GASB has no power to enforce Statement 45, but as the arbiter of generally accepted accounting principles, it has a lot of influence. If the governments fail to comply by the end of the 2009 fiscal year, there will be a cost: cities’ bond ratings will suffer, which will increase their debt expenses, further complicating the already strained cycle of borrowing and spending on which they have become dependent. “You spend years cultivating a good bond rating and you don’t want to throw it out the window,” Edwards explains.

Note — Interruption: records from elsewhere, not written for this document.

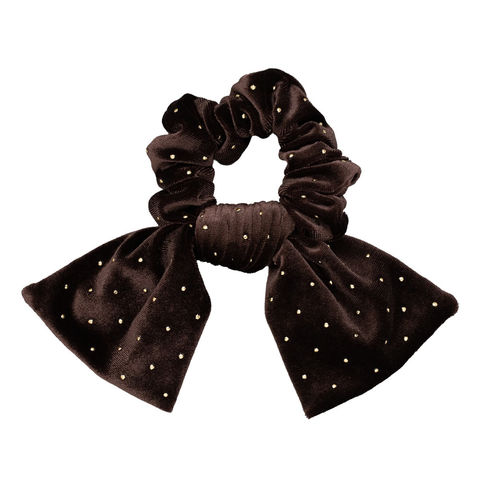 ヘアアクセサリー レディース シュシュ リボン ベロア ベルベット スクエア ボリューム 大きめ ヘアゴム まとめ髪 ドットスタッズ 2タイプ ワイン cream dot ゆうパケット [B:ブラウン_ワンサイズ]
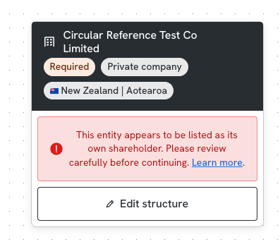 There is an error message that states - 'This entity appears to be listed as its own shareholder'
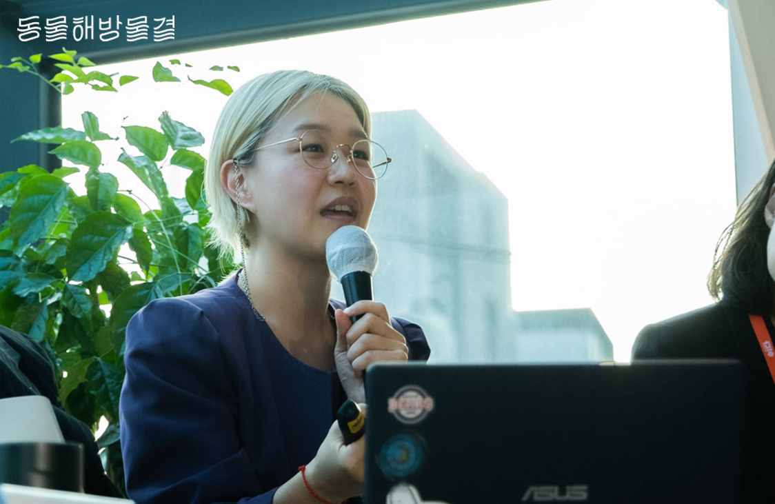 토론에는 세 분의 게스트가 각자 준비한 주제로 발제를 진행하고, 내용과 관련하여 관객들과 이야기를 나누었는데요. 우선, 오창룡 부경대 정치외교학과 교수는 네덜란드 사례를 중심으로 동물당의 역사 및 성과를 소개하고, 현재 세계 여러 국가에서 진행되고 있는 동물 관련 정책 동향과 보금자리 조성 사례를 짚어주었습니다. 이어서 환경과생명문화재단 이다 감사를 맡고 있는 이지은 변호사가 한국의 동물 관련 법령들을 분석하며 국내에서 보금자리 조례 제정이 법적으로 가능할지에 대해 설명했고요.

Localities that have already complied with GASB 45 have had to disclose the compromising long-term costs of lifetime health care and other retiree benefits. In New York City, which began compliance in 2007, the accounting measure has placed a new $63 billion liability on the books. Atlanta’s pension- and benefit-related expenses exploded from $44.5 million in 2005 to $118 million today, even while the city cut its personnel headcount by 8.6 percent. In Vallejo’s case, the city’s declaration of bankruptcy last May was due to the fact that it was spending 74 percent of its $80 million general-fund budget on public-sector salaries and benefits. Police captains were entitled to receive $306,000 annually in pay and benefits, while 21 firefighters earned more than $200,000 a year, including overtime. After five years on the job, all were entitled to lifetime health benefits.

Confronting the reality of unfunded pension and benefit obligations is deepening the crisis of confidence already shaking municipal finances. Last week, the chairman of the budget and finance committee of Stockton, California’s city council said that the city should consider filing for bankruptcy protection in the face of an $18.5 million budget deficit. Two smaller towns north of San Francisco, Isleton and Rio Vista, also appear on the brink of bankruptcy.

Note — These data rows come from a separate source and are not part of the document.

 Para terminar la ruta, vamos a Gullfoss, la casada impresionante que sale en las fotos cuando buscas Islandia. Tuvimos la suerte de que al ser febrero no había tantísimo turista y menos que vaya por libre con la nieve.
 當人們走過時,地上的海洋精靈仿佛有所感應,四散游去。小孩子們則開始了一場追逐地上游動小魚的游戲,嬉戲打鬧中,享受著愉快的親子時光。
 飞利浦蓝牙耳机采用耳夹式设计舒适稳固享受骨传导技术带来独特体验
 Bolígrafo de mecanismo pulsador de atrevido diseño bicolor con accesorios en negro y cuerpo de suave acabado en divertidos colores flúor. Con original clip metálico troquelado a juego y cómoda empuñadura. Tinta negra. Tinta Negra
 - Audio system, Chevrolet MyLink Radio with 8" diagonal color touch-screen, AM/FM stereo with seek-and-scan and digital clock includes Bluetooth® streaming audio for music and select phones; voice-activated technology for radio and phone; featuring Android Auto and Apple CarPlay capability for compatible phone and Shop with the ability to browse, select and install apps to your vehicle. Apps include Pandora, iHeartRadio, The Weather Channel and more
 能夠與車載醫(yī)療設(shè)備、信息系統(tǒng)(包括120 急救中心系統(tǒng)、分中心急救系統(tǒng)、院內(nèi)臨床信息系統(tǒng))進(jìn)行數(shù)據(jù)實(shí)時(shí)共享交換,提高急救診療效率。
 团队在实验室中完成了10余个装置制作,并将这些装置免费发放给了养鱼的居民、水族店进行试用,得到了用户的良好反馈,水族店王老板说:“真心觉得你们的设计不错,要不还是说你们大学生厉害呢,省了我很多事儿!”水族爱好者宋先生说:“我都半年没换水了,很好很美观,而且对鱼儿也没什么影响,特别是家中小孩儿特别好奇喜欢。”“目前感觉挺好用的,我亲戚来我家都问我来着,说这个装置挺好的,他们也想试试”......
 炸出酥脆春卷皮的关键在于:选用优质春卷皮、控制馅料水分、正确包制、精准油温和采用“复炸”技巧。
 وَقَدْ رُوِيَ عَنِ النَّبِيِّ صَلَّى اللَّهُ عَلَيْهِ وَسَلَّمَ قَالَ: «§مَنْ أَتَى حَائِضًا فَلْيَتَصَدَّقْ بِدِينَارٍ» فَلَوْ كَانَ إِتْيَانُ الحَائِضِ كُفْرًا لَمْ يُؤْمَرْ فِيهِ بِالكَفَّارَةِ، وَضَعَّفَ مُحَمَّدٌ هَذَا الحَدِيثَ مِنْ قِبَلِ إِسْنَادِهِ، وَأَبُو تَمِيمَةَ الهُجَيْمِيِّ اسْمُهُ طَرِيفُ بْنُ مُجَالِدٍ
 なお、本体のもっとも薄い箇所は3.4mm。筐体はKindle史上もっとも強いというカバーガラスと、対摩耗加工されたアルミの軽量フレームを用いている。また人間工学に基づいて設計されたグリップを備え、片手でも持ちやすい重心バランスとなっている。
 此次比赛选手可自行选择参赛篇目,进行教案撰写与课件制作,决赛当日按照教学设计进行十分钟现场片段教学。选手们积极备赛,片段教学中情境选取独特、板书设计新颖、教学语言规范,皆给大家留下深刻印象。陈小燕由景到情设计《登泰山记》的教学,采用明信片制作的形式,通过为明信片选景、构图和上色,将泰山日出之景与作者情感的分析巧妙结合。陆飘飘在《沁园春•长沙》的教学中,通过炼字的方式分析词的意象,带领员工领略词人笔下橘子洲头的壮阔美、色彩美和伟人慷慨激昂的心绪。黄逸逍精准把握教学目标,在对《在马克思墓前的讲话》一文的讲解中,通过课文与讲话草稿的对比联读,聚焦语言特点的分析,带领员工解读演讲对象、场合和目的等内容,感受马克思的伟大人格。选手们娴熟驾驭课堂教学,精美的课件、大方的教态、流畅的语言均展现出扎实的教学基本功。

The culprit, of course, isn’t GASB 45 itself but the ugly reality that it exposes. There are 22.5 million public-sector employees in the United States. The average state and local government employee now makes 46 percent more in combined salary and benefits than his private-sector counterpart does, according to the Employee Benefit Research Institute—including 128 percent more on health care and 162 percent more on retirement benefits. Four out of five public-sector workers have lifetime pensions. Paying for such lavish treatment is difficult; in 2007, Credit Suisse estimated that state and local governments owed more than $1.5 trillion in unfunded health-care and non-pension benefits. Further, the market meltdown has erased $1 trillion from municipal pension funds, according to Boston College’s Center for Retirement Research.

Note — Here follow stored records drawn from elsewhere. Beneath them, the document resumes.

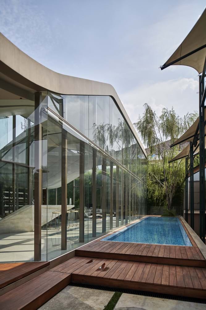 Hồ bơi nhỏ phía bên hông nhà vừa tạo điểm nhấn cho không gian, vừa có vai trò làm cân bằng, dịu mát không gian, phục vụ nhu cầu thư giãn của gia chủ.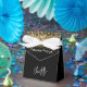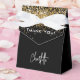 Un anniversaire ou événement marquant élégant et glamour. Un fond noir avec des confettis dorés factices. Avec le texte : Merci ! Personnalisez et ajoutez votre nom. Lettres blanches. Le nom est écrit avec un style de lettrage manuscrit tendance.
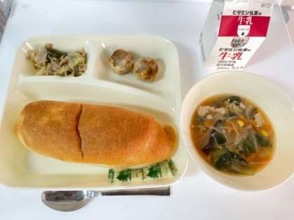 焼きシューマイ、中華みそスープ、ツナと野菜のオイスターソースいため、コッペパン、マーガリン、牛乳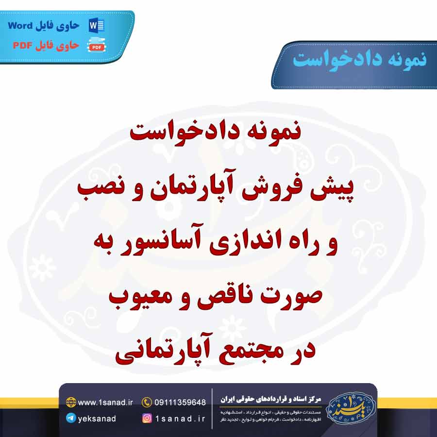 دادخواست پیش فروش آپارتمان و نصب و راهاندازی آسانسور، معمولاً از سوی خریدار یا سرمایهگذار علیه فروشنده یا سازنده ملک تنظیم میشود. در این دادخواست، خواهان ادعا میکند که فروشنده به تعهدات خود در قرارداد پیش فروش، از جمله نصب و راهاندازی آسانسور، عمل نکرده است. خریدار میتواند مستندات، مانند قرارداد پیش فروش و اسناد مربوط به تأسیسات ساختمان، را به دادگاه ارائه کند. هدف این دادخواست الزام فروشنده به اجرای تعهدات و جبران خسارات ناشی از تأخیر در ارائه خدمات است. دادگاه پس از بررسی مدارک و ادله، ممکن است حکم به الزام فروشنده برای نصب آسانسور و پرداخت خسارات احتمالی صادر کند. این فرایند به حفظ حقوق خریداران و جلوگیری از تخلفات در پروژههای ساختمانی کمک میکند.هم اینک می توانید این سند دادخواست را جهت تنظیم موضوع مدنظر خود در قالب فایل Word و PDF پس از پرداخت آنلاین به صورت آنی دانلود نمایید.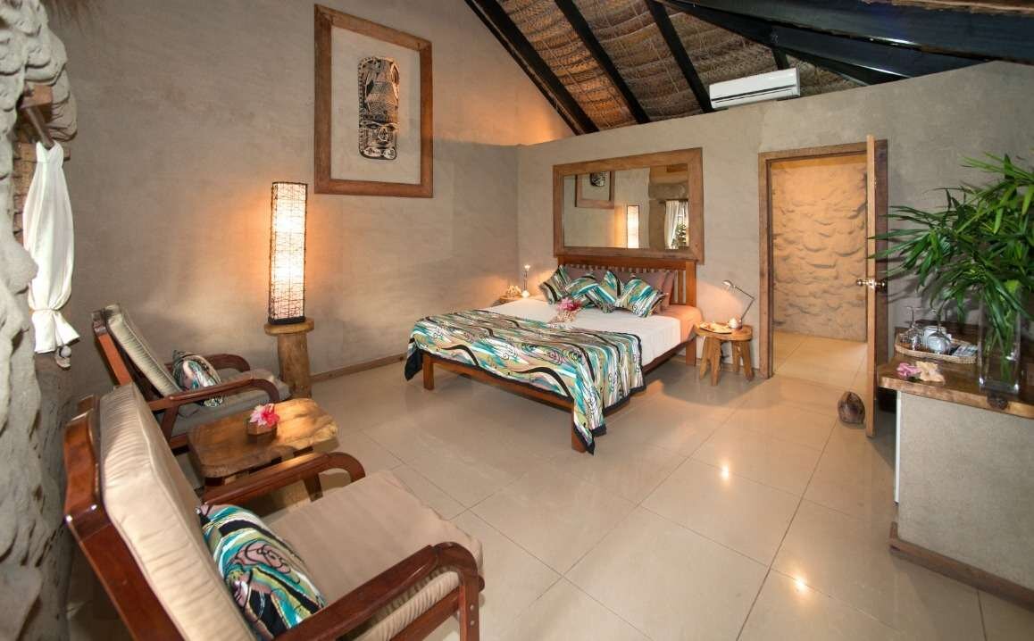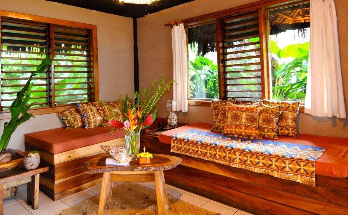 The Oceanview Buresoffer a king bed, with lounge room, indoor bathroom with shower, as well as an outdoor shower in the private, tropical garden. There is also a sundeck complete with Fijian day bed/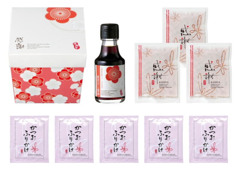 | 内容 | 北海道産干し貝柱使用だし醤油100ml×1本 かつおパック3g×3袋 かつおふりかけ5g×5袋 ※ボックスイメージ |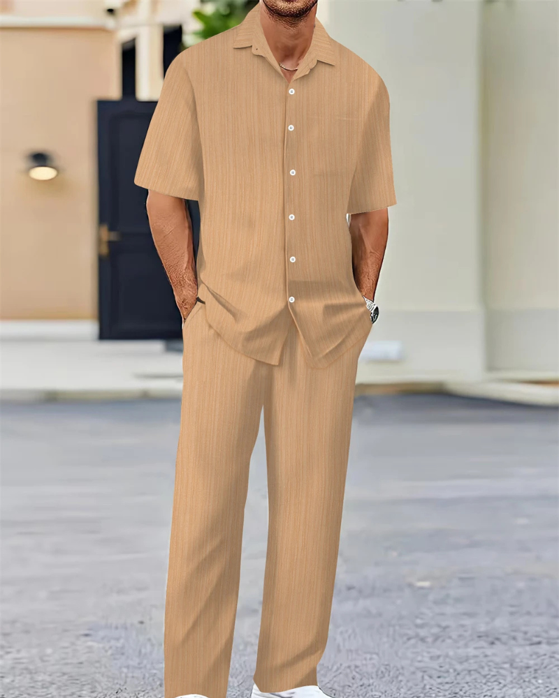 Dieser stylische Zweiteiler für Herren besteht aus einem klassischen Kurzarm-Hemd mit Knopfleiste und einer locker geschnittenen Hose – ideal für entspannte Tage, Reisen oder sommerliche Freizeitlooks. Komfort und Stil vereint in einem Set.

New York City now spends an average of $107,000 for each of its 281,000 current employees—a whopping 63 percent increase since 2000. At the same time, its direct pension expenses each year have increased from $615 million to $5.6 billion. And New York isn’t alone. Forty states estimate that their liabilities for public-sector health-care and other benefits exceed $400 billion—more than their entire public debt, according to Standard and Poor’s. New Jersey has dug a particularly deep hole for itself. Its state pension fund lost half its value in 2008 but pays out $5.2 billion each year in benefits. “The state of New Jersey is insolvent,” writes bond analyst Mike Shedlock. “Bankrupt might be a better word.”

The good news is that the increased transparency may lead to increased accountability. The bad news is that the bill is coming due, accelerated by the aging of the Baby Boomers. And unlike benefits in the private sector, where businesses can adjust their expenses to survive tough times, public-sector pension and benefit packages cannot be renegotiated. Cities and towns may declare bankruptcy to get out from under their debts, but states don’t have that option; their taxpayers will have to pay for irresponsible decisions made decades ago. You don’t need a crystal ball to understand that the municipal budget crunch is going to get much worse this year. All you need is an accountant.

John P. Avlon is a senior fellow at the Manhattan Institute and the author of Independent Nation: How Centrists Can Change American Politics.